令和となった今、多くの二次元コンテンツで「ルッキズム」をはじめとした様々な社会問題に関する描写を目にするようになった(拍手)。そんな中、『こち亀』は1976年連載開始、割とレトロな作品なのにも関わらず、現代を生きる私たちが学べるエピソードがなかなか多い。主人公の両津勘吉は、破天荒、短気、そして正義感の強い警察官。ちなみに連載当初の年齢設定は、36歳(同い年だったんだ!)。

今回紹介するのは、185巻の中のエピソード。両津と共に働く容姿端麗の設定である麗子が、とある舞台の代役を務める。その役はふくよかなキャラクターのため、ファットスーツを着て特殊メイクも施す。そして、舞台姿のまま街を歩くと、麗子は普段はチヤホヤしてくれていた人たちに雑に扱われたり、キラキラとした視線が軽蔑の視線に変わったことに気づく。こんなにも容姿によって見える世界が違うのか、と思わされる。そして、しまいには慣れないファットスーツで視界が遮られ、転倒するが、誰も助けてはくれない。ただ一人、両津をのぞいて。両津は、同僚の麗子であるとは気づかずに、シンプルに手助けをする。そして、麗子は「助けてくれてありがとう、でも美人の方がよかったんじゃない?」と問いかけ、両津は「外見は別にして、女は愛嬌だ。笑顔が宝だ」と率直に答える。え???好きになる。

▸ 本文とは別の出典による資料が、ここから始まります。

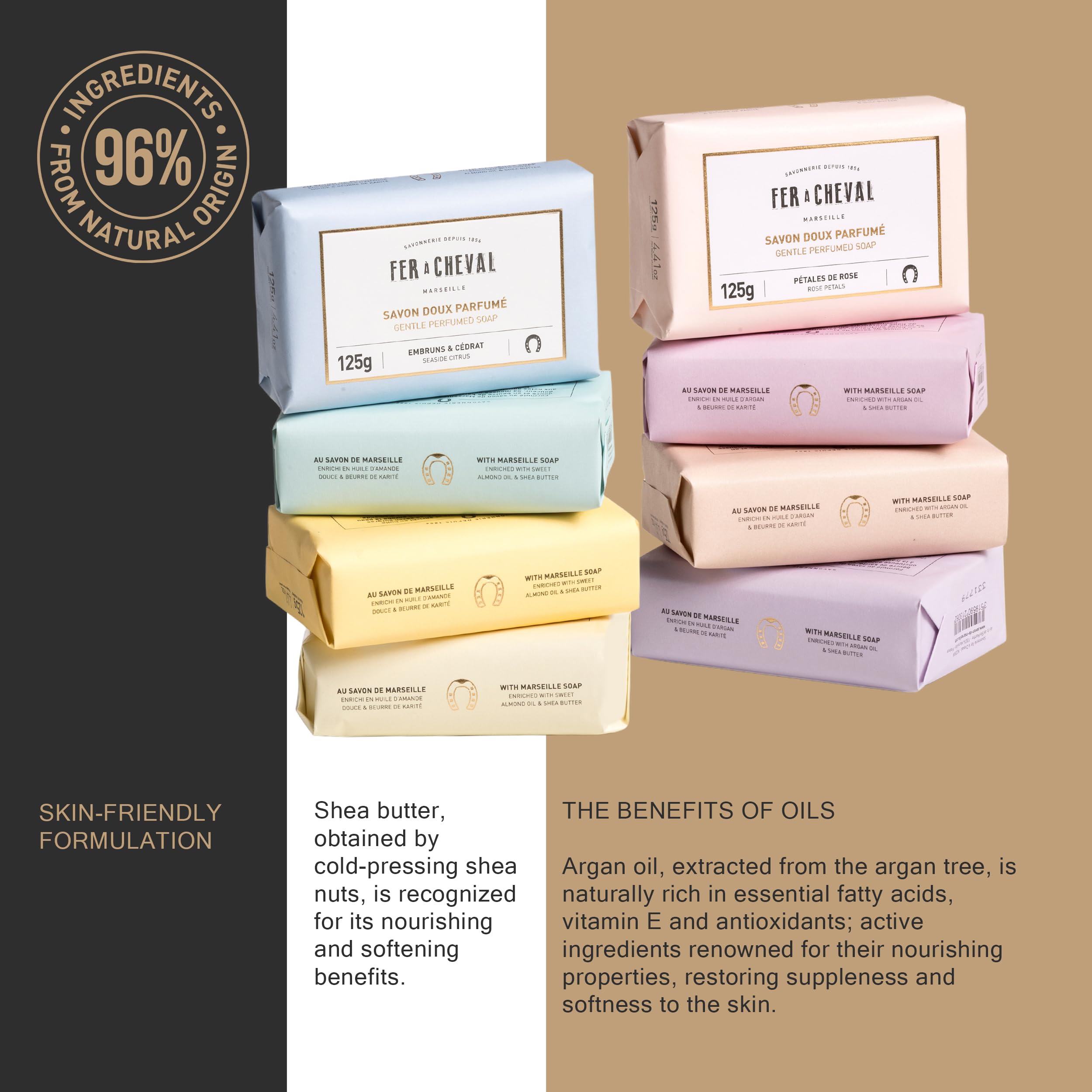 Fer à Cheval Organic Gentle Perfumed Soap Bar – All-Natural, Hypoallergenic, SLS & Paraben-Free, Moisturizing & Luxurious Lather, 125g/4.41oz

リアルを生きる私たちの周りも、「笑顔が宝だ」なんて当たり前にいえる人だらけだったら、どんだけ平和な世界線なんだろうか。私自身、10〜20代の頃はルッキズムの沼に堕ちまくっていた。当時ぽっちゃりしていたことがコンプレックスで、過度に不健康なダイエットをしたが、失ったのは体重だけではなかった。両津が宝だという笑顔も消えた。けれど、確かに痩せれば痩せた分だけ「評価」されてしまう風潮もあったから、なかなか抜け出せなかった。麗子が体験したのとは逆のパターンで、痩せたことによって確かに周りからの扱われ方も変わった。特に10〜20代の頃は必要以上に容姿に囚われる傾向もあるし、あの頃は加工アプリもなかったので、リアルで変わるしかなかったのだ。あの時、両津に会いたかったなぁ。

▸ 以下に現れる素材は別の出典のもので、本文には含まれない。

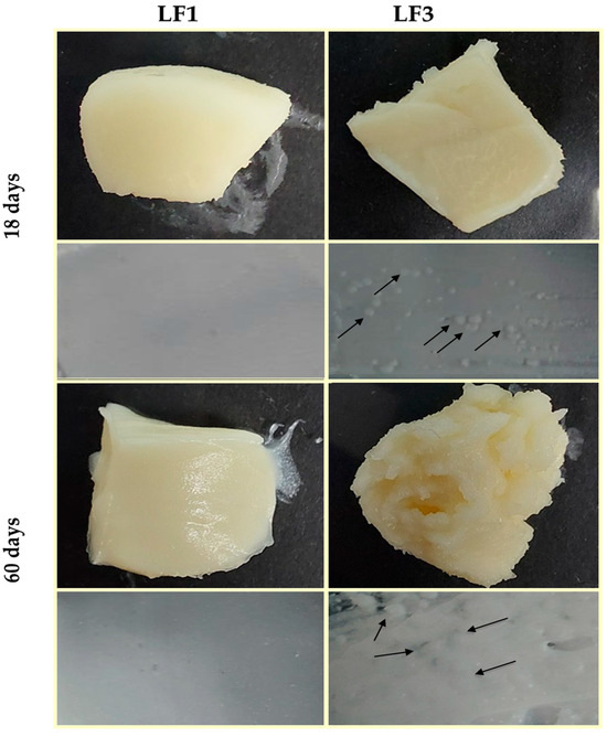 Images of laminating fats (LF1 and LF3) after 18 and 60 days of chilling storage at 4 °C. Granular crystals formed in LF3 are indicated with arrows.

実は、そんな両津自身も、この話の冒頭では「美人最高」という意見だったのだ。けれど、舞台姿の麗子と話していく中で、ノリや性格が合うということもあり、自然と出た答えだったのかもしれない。彼自身がこのエピソードの中で無意識に成長したようにも思える。両津も作中では自分のことを「不細工」と呼んでいるし、確かに一般的なイケメンキャラの設定ではないかもしれないが、彼は間違いなく良い男!男女問わず見習うべき存在、両津勘吉。誰だって「人は見た目じゃない」もしくは「容姿端麗さいこー」と言いつつも、案外自分ごととなる「経験」をしないと、本当の価値観は見えてこないのかもしれない。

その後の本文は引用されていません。